Personal information
- Full name: James Andrew Hamilton Marshall
- Born: 15 February 1979 (age 47) Warkworth, Auckland, New Zealand
- Batting: Right-handed
- Bowling: Right-arm medium
- Role: Batsman
- Relations: Hamish Marshall (twin brother)

International information
- National side: New Zealand (2005–2008);
- Test debut (cap 230): 26 March 2005 v Australia
- Last Test: 23 May 2008 v England
- ODI debut (cap 140): 26 February 2005 v Australia
- Last ODI: 1 July 2008 v Ireland
- T20I debut (cap 14): 21 October 2005 v South Africa
- Last T20I: 13 June 2008 v England

Domestic team information
- 1997/98–2012/13: Northern Districts
- 2002–2003: Buckinghamshire

Career statistics
| Competition | Test | ODI | FC | LA |
| Matches | 7 | 10 | 148 | 158 |
| Runs scored | 218 | 250 | 7,422 | 4,902 |
| Batting average | 19.81 | 25.00 | 31.85 | 35.52 |
| 100s/50s | 0/1 | 1/1 | 13/36 | 7/33 |
| Top score | 52 | 161 | 235 | 161 |
| Balls bowled | – | – | 843 | 487 |
| Wickets | – | – | 6 | 6 |
| Bowling average | – | – | 81.16 | 73.50 |
| 5 wickets in innings | – | – | 0 | 0 |
| 10 wickets in match | – | – | 0 | 0 |
| Best bowling | – | – | 1/2 | 1/20 |
| Catches/stumpings | 5/– | 0/– | 125/– | 57/– |
- Source: Cricinfo, 23 March 2017

= James Marshall (cricketer) =

New Zealand cricketer

James Andrew Hamilton Marshall (born 15 February 1979) is a former New Zealand cricketer. He is the identical twin brother of Hamish Marshall.

==Domestic career==
Marshall can play as both opener and middle-order batsman. He opened the batting for his province Northern Districts until 2004–05, and it is at the top of the order that he has had his major successes at first-class level since he made his debut in 1997–98.

Marshall also played for Northland in the Hawke Cup.

Marshall spent a number of his early domestic winters playing club cricket in England in the Liverpool and District Cricket Competition, initially with Formby cricket club on Merseyside, then moving to neighbours Northern in 2004 and helping them to their Premier League championship success the following year 2005.

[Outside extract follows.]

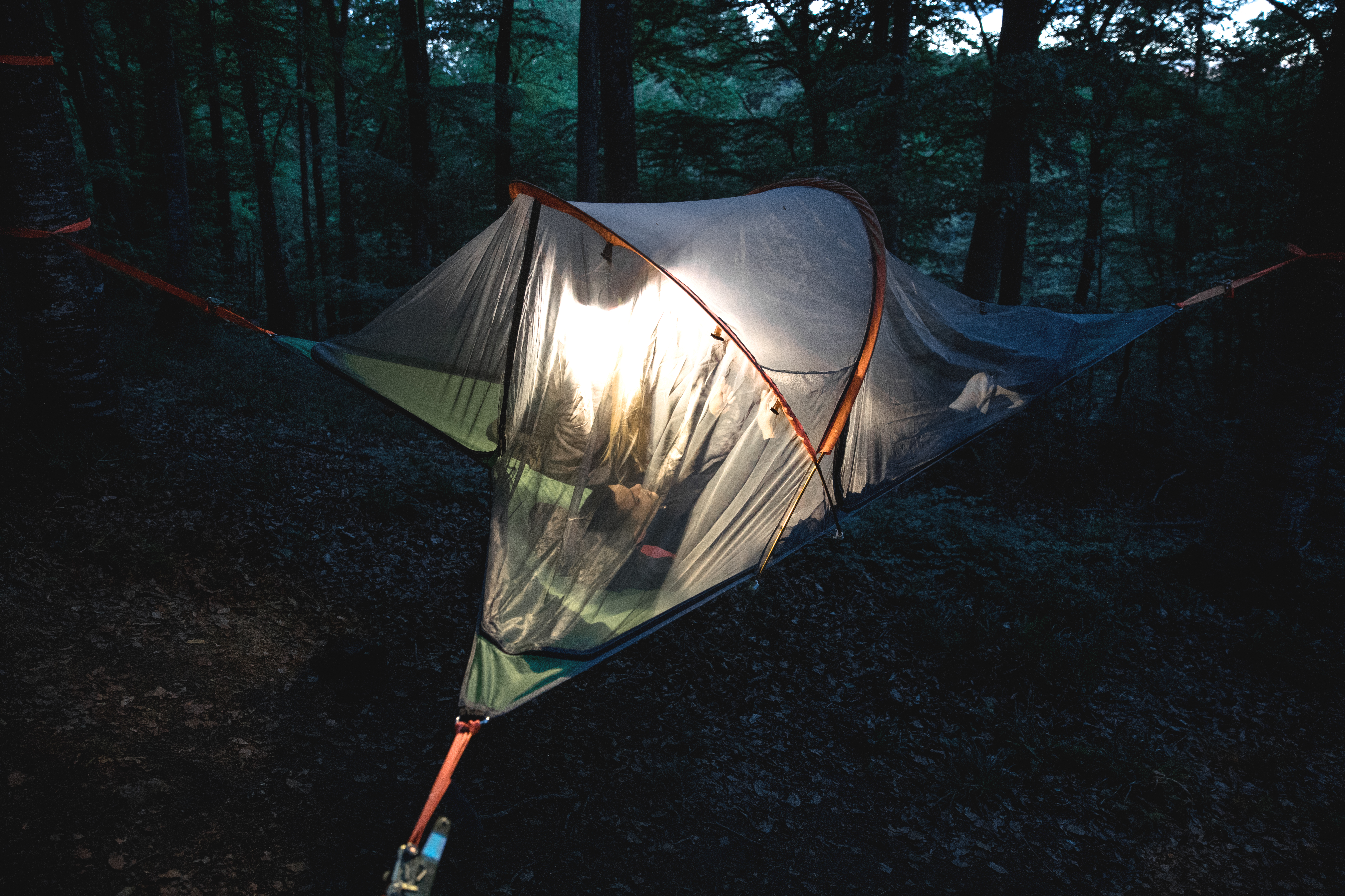 Les tentes suspendues sont installées entre les arbres, permettant ainsi de passer la nuit au milieu du bruissement des feuilles. En cas de pluie, une bâche supplémentaire protège de l’humidité.

In 2013, he ended his cricket career as leading run-scorer for Northern Knights at the one-day level, having scored 3,755 domestic runs as well as first batsman to score 6,000 runs for them. With 126 Plunket Shield matches, he holds a record for most first-class appearances by a domestic player for a single province in New Zealand.

==International career==
But it was as a middle order player that he made his One Day International debut for New Zealand against Australia in February 2005. Just weeks later he was called into the team for the third Test against Australia – but this time as an opener. His twin brother Hamish played both matches.

When James made his Test debut, he had a batting average of 28.70, but he was picked on potential rather than his track record, the same as Hamish. Technique was also a major factor in the New Zealand selectors' decision to ask James to open once again.

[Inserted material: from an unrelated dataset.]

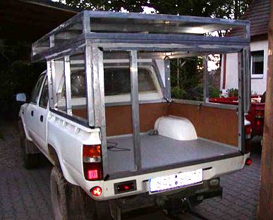 Die kleinen Kabinen, die es zu kaufen gab, gefielen uns nicht und eine große wollten wir unserem "Dicken" nicht zumuten, mit seinen 80 PS. Also auf dem 2005er Buschtaxi-Treffen noch ein paar Anregungen geholt und dann zur Planungsphase übergegangen. Wobei es eigentlich keinen richtigen Bauplan der Kabine gab: Wir legten nur grob fest, wie es werden sollte und was wir haben wollten ...

Marshall made his Test debut against Australia on 26 March 2005. He and his brother Hamish became the second pair of twins (after Mark and Steve Waugh) to play Test cricket.

On 1 July 2008, he scored his maiden ODI century, eventually getting dismissed for 161 against Ireland. He shared in a 266 opening stand with Brendon McCullum, which is the highest ODI partnership for any wicket in Black Caps history and the second highest opening partnership in all ODIs. He managed to score his maiden ODI hundred only in his last ODI match. Thus, setting the record for the highest ever ODI score made by any player in his last ODI appearance, also the only batsman to have a score of 150 in his last ODI match(161){only considering the retired players}.